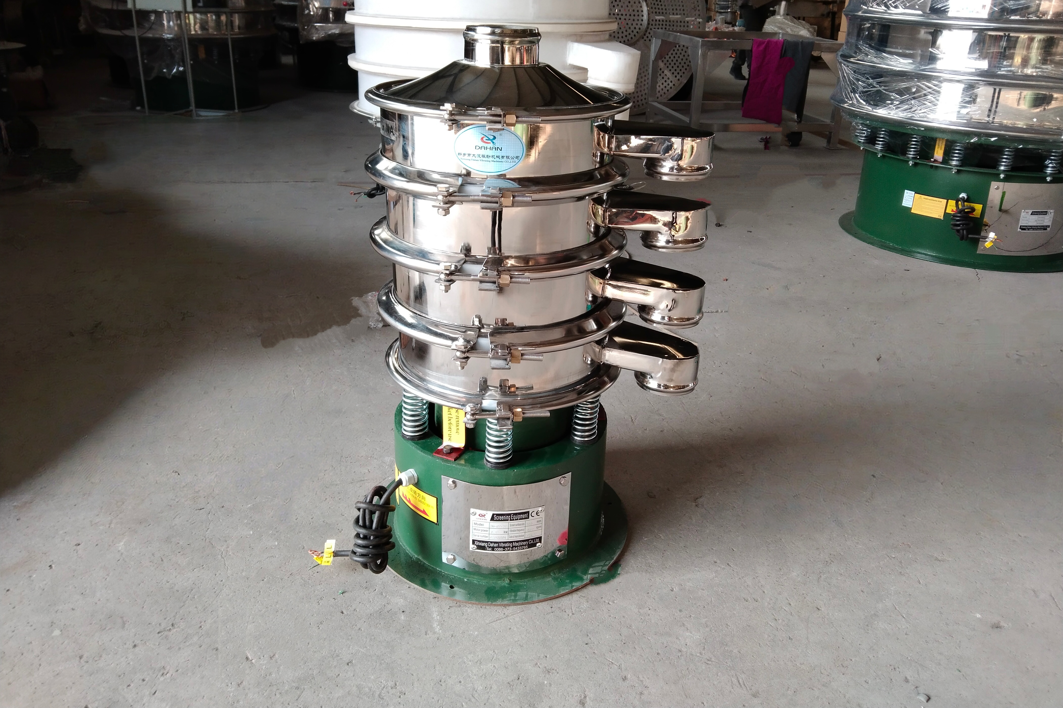 DH-400-3S 篩分機結構緊湊,一次可完成四級物料篩分,設備運行平穩、噪音低,全封閉設計有效抑制粉塵外溢,拆裝清洗便捷。采用優質振動電機,激振力穩定,篩網使用壽命長,可靈活更換目數。
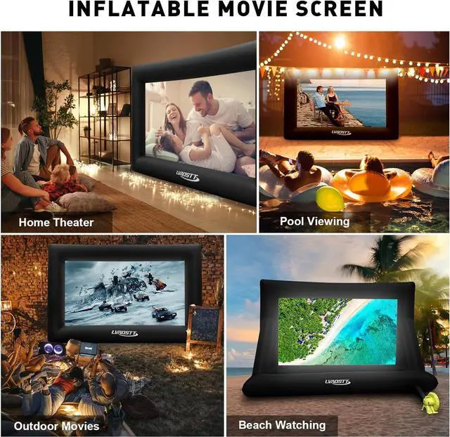 BIGGER SCREEN,BETTER EXPERIENCEOur inflatable projector screen gives you more to watch! While most screens are 4.9ft x 9ft. OURS is a spacious 5.84ft x10.36ft, offering a larger more immersive viewing experience.
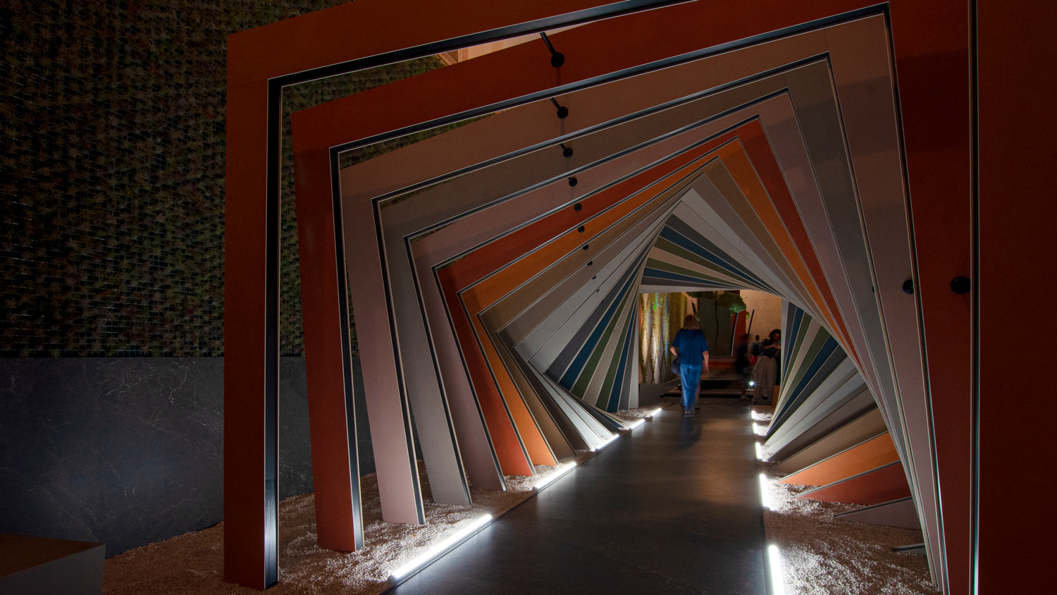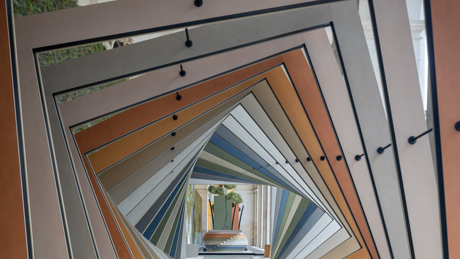 Per presentare al meglio le lastre ceramiche ultrasottili, materiale versatile e resistente, espressione di una tecnologia che ha rivoluzionato il processo produttivo per ottenere una soluzione altamente sostenibile, in occasione di una rassegna importante come il Landscape Festival, è stata realizzata un’installazione fruibile presso i portici della Biblioteca Civica Angelo Mai in Piazza Vecchia. Il progetto si ispira all’architettura organica, in cui l’azione umana si integra armoniosamente con l’ambiente circostante: un tunnel, dalle geometrie definite e vibranti, invita ad una indagine della materia ceramica fin nella sua essenza, con un obiettivo centrale: la sostenibilità. Alcuni vasi giganti, realizzati in grès porcellanato, rappresentano architetture e edifici con un cuore sostenibile: le piante di tillandsia che emergono dai grandi contenitori. Lo spazio, inoltre, sarà anche un luogo in cui sostare per apprezzare il piacere di un ambiente pensato secondo la scala dell’attenzione all’uomo e al pianeta.
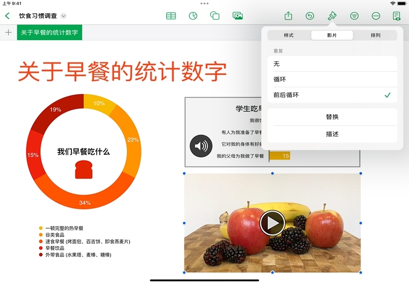 设置播放选项。轻点以选择文稿中的影片或音频录音,然后轻点“格式”
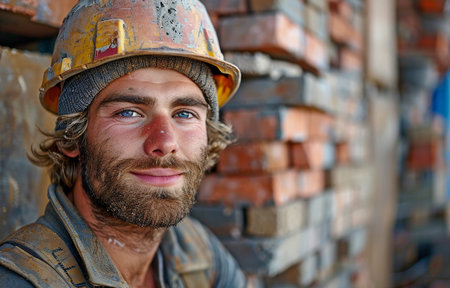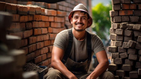 A joyful construction worker sits among bricks, showcasing a warm smile and dedication to his craft. The urban backdrop highlights community development.
::::::::
Provide the lines again, unchanged, from where the data above begins through the line containing "BIGGER SCREEN,BETTER EXPERIENCEOur", both ends included, omitting pictures and adding nothing.

 DH-400-3S 篩分機結構緊湊,一次可完成四級物料篩分,設備運行平穩、噪音低,全封閉設計有效抑制粉塵外溢,拆裝清洗便捷。采用優質振動電機,激振力穩定,篩網使用壽命長,可靈活更換目數。
 BIGGER SCREEN,BETTER EXPERIENCEOur inflatable projector screen gives you more to watch! While most screens are 4.9ft x 9ft. OURS is a spacious 5.84ft x10.36ft, offering a larger more immersive viewing experience.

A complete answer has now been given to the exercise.